3.1. Static and Dynamic Balance
IG demonstrated a significant improvement in static balance performance (10–15%, p = 0.001–0.04, d = 0.57–1.14). Post-test values revealed a significant improvement in static balance parameters: ellipse area (EA) decreased by 96–101 mm², perimeter length (P) reduced by 176–178 mm, and average anterior-posterior/medial-lateral speed (AAPS/AMLS) declined by up to 3 mm/s compared to baseline. Conversely, CG exhibited no significant changes in their training routine, p = 0.17–0.90. Between-groups comparison revealed that IG surpassed CG in all variables of static balance with F = 4.62–18.30, p = 0.001–0.04, ηp2 = 0.14–0.44 (Table 2, Figure 3A and B). IG significantly improved in dynamic balance, with a 25–30% reduction in total stability index (TSI) and trunk total deviation (TTD) decrease of 0.62°–0.70°, p = 0.002–0.01, d = 0.89–1.03. In contrast, CG exhibited no significant changes in both parameters, p = 0.68–0.99. Significant between-groups differences were shown in TSI and TTD with F = 4.44–7.67, p = 0.01–0.04, ηp2 = 0.16–0.25 (Table 2, Figure 3C and D).

Figure 3
Absolute (A, C, E, F, H, J, L) and relative percentage (B, D, G, I, K, M) value change (pre-to-post) for all variables test.

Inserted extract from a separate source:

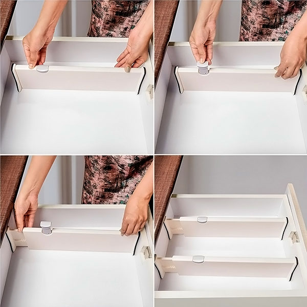 Neatkarīgi no tā, vai runa ir par virtuves piederumiem, vannas istabas tualetes piederumiem vai zeķēm guļamistabā – šos sadalītājus var regulēt no 28 cm līdz 45 cm, lai tie atbilstu lielākajai daļai atvilktņu. Jūs varat pielāgot savu telpu tieši tā, kā nepieciešams.

Abbreviation: ellipse area [EA], perimeter length [P], average anterior-posterior speed [AAPS], average medial-lateral speed [AMLS], total stability index [TSI], total trunk deviation angle [TTD], Plantar flexion [PF], dorsiflexion [DF], peak force (PR), peak torque (PT), relative peak torque(RPT), height jump [HJ], flight time [FT], maximum force [MF]). IG.D intervention group dominant leg, CG.D control group dominant leg, IG.ND intervention group non-dominant leg, CG.ND control group non-dominant leg.
3.2. Ankle Mobility (Range of motion and strength)
IG demonstrated significant change in active ankle range of motion (ROM), with an increase of 12–32% in plantarflexion (PF) and dorsiflexion (DF) (p = 0.001–0.02, d = 1.05–1.27). Post-intervention results showed a significant improvement in active ROM for IG, with an increase of 5°–7° in PF and of 3°–4° in DF. However, CG exhibited no significant changes from pre- to post-test = 0.06–0.47. IG showed significantly greater than CG in PF (F = 4.751–7.675, p = 0.029–0.040, ηp2 = 0.171–0.191) and DF (F = 5.284–7.645, p = 0.011–0.031, ηp2 = 0.187–0.249) (Table 2, Figure 3E–G).
Ankle plantar flexion peak force, absolute and relative torque significantly improved in IG (10–19%, p = 0.001–0.03, d = 0.45–0.91), while dorsiflexion (DF) increased in both groups (10–24%, p = 0.001–0.04, d = 0.55–1.32). Between-group analysis revealed significant differences between IG and CG in peak force of PF for D leg (F = 5.246; p = 0.031; ηp2 = 0.186), peak force of DF for ND leg (F = 5.144; p = 0.033; ηp2 = 0.183), and peak torque of DF for ND leg (F = 5.075; p = 0.034; ηp2 = 0.181 (Table 2, Figure 3H–K).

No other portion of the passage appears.